__REQUIREMENT__.
It is required that the lines from the top of the listing through the line with "Custom basketball fan" be reproduced exactly, excluding pictures.

__DATA SEGMENT__.
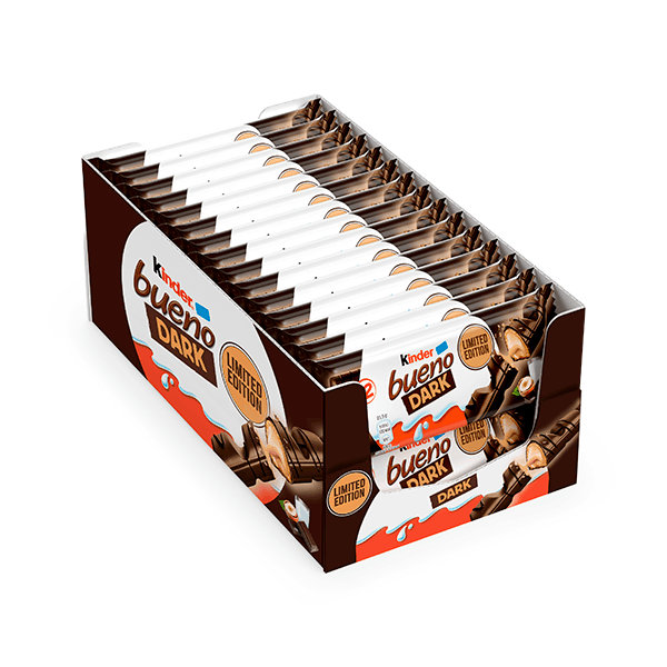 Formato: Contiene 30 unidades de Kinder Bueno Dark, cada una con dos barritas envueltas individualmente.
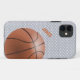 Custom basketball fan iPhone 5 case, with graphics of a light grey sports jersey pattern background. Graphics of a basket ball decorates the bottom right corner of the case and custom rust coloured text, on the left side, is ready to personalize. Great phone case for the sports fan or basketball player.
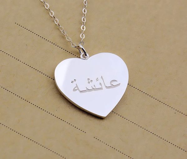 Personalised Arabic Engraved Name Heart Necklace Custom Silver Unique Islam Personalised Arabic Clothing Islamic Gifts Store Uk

__OUTPUT FOR THIS EXERCISE__.
 Formato: Contiene 30 unidades de Kinder Bueno Dark, cada una con dos barritas envueltas individualmente.
 Custom basketball fan iPhone 5 case, with graphics of a light grey sports jersey pattern background. Graphics of a basket ball decorates the bottom right corner of the case and custom rust coloured text, on the left side, is ready to personalize. Great phone case for the sports fan or basketball player.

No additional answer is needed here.